In the logs I can verify, that the Exceptions are logged as WARN only and retry seems to work. But in some cases after such an Exception, I am getting another Exception that is related to flushed Hibernate sessions:

2022-01-17 13:26:34.544 EventProcessor[myOwnProjection]-0 [ERROR] [AssertionFailure] - HHH000099: an assertion failure occurred (this may indicate a bug in Hibernate, but is more likely due to unsafe use of the session): org.hibernate.AssertionFailure: null id in my.own.ExampleEntity entry (don't flush the Session after an exception occurs)org.hibernate.AssertionFailure: null id in my.own.ExampleEntity entry (don't flush the Session after an exception occurs)
    at org.hibernate.event.internal.DefaultFlushEntityEventListener.checkId(DefaultFlushEntityEventListener.java:76)
    at org.hibernate.event.internal.DefaultFlushEntityEventListener.getValues(DefaultFlushEntityEventListener.java:203)
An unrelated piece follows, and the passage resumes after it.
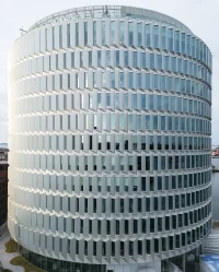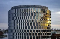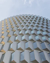 Characterized by an iconic round shape, the building enters into a symbiotic relationship with the elements, as prefabricated facade modules angle to filter daylight, the atrium works as a giant greenhouse, and water is filtered and circulated locally. The functional design is based on an annual, hour-by-hour weather simulation to strategically position the faceted elements in a way that reduces the direct influx of sunlight.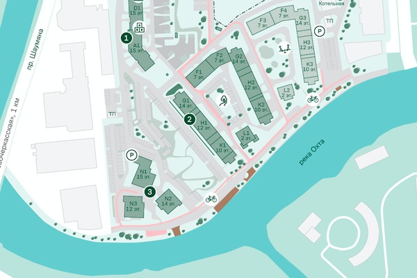3-я очередь не только расположена в отдалении от остальных очередей комплекса. Посмотрите на карту: как близка она к набережной. К европейской набережной, благоустройством которой мы сейчас занимаемся.

    at org.hibernate.event.internal.DefaultFlushEntityEventListener.onFlushEntity(DefaultFlushEntityEventListener.java:162)
    at org.hibernate.event.service.internal.EventListenerGroupImpl.fireEventOnEachListener(EventListenerGroupImpl.java:107)
    at org.hibernate.event.internal.AbstractFlushingEventListener.flushEntities(AbstractFlushingEventListener.java:229)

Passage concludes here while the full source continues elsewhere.